- _GIVEN RECORDS_:
┄┄┄┄┄┄┄┄┄┄
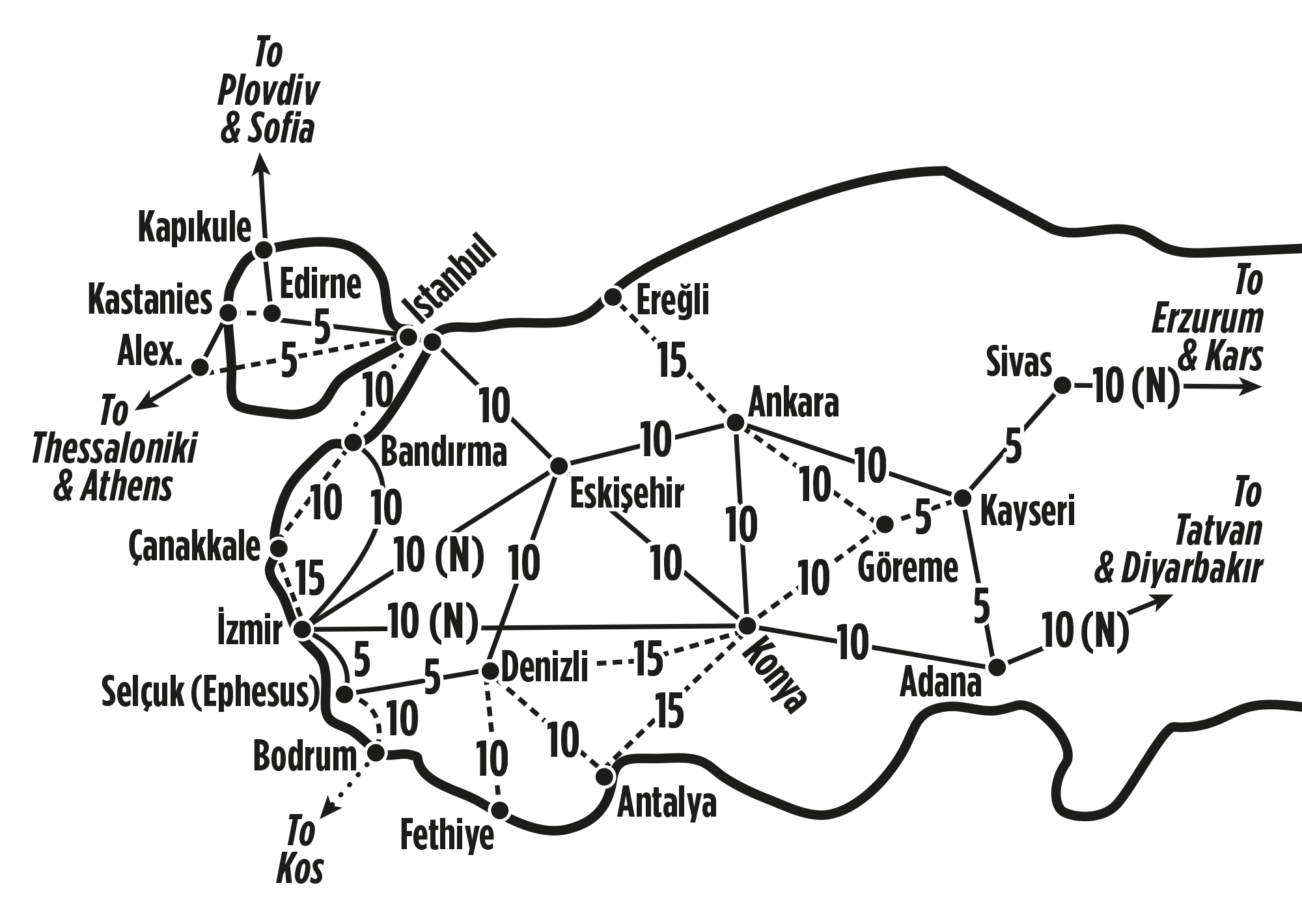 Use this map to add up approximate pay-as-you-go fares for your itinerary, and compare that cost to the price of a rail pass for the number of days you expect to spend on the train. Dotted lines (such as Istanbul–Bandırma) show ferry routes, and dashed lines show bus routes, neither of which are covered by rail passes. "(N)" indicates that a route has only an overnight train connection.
┄┄┄┄┄┄┄┄┄┄
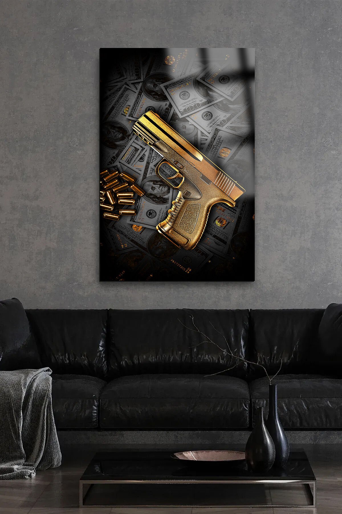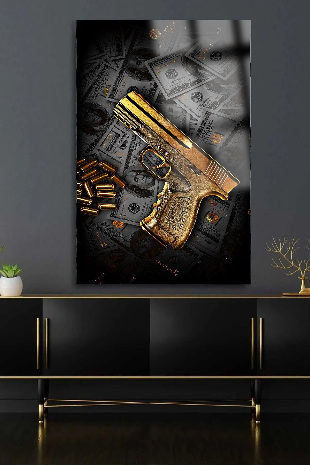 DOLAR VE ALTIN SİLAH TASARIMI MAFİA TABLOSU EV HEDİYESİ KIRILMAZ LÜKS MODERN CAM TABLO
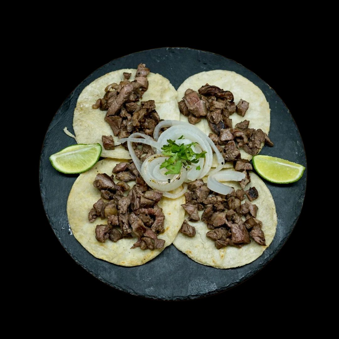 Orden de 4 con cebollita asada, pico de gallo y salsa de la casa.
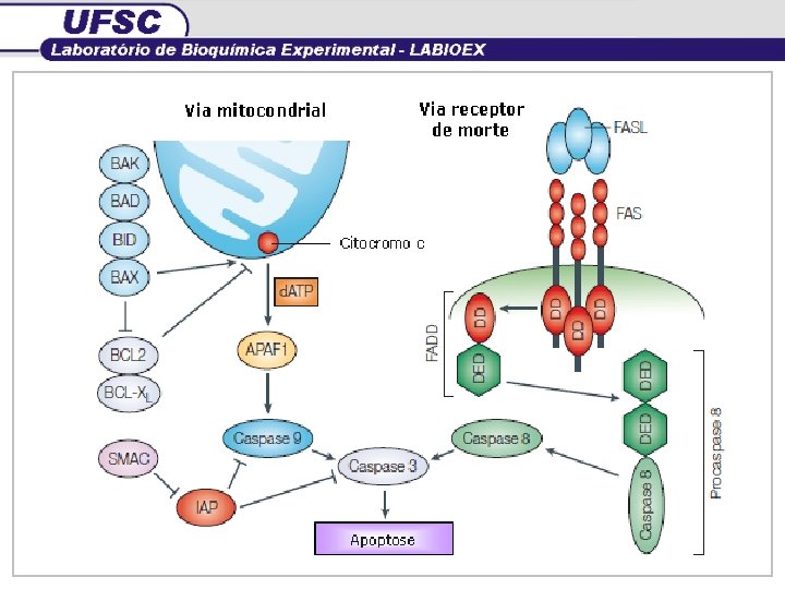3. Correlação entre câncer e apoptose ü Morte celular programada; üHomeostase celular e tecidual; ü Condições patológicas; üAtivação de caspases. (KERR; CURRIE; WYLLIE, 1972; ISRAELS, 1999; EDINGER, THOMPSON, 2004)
┄┄┄┄┄┄┄┄┄┄
Output only the lines above from the line that holds "Orden de 4 con" through the line that holds "3. Correlação entre", both ends included, and exclude pictures.

- _SOLUTION FOR THIS EXERCISE_:
 Orden de 4 con cebollita asada, pico de gallo y salsa de la casa.
3. Correlação entre câncer e apoptose ü Morte celular programada; üHomeostase celular e tecidual; ü Condições patológicas; üAtivação de caspases. (KERR; CURRIE; WYLLIE, 1972; ISRAELS, 1999; EDINGER, THOMPSON, 2004)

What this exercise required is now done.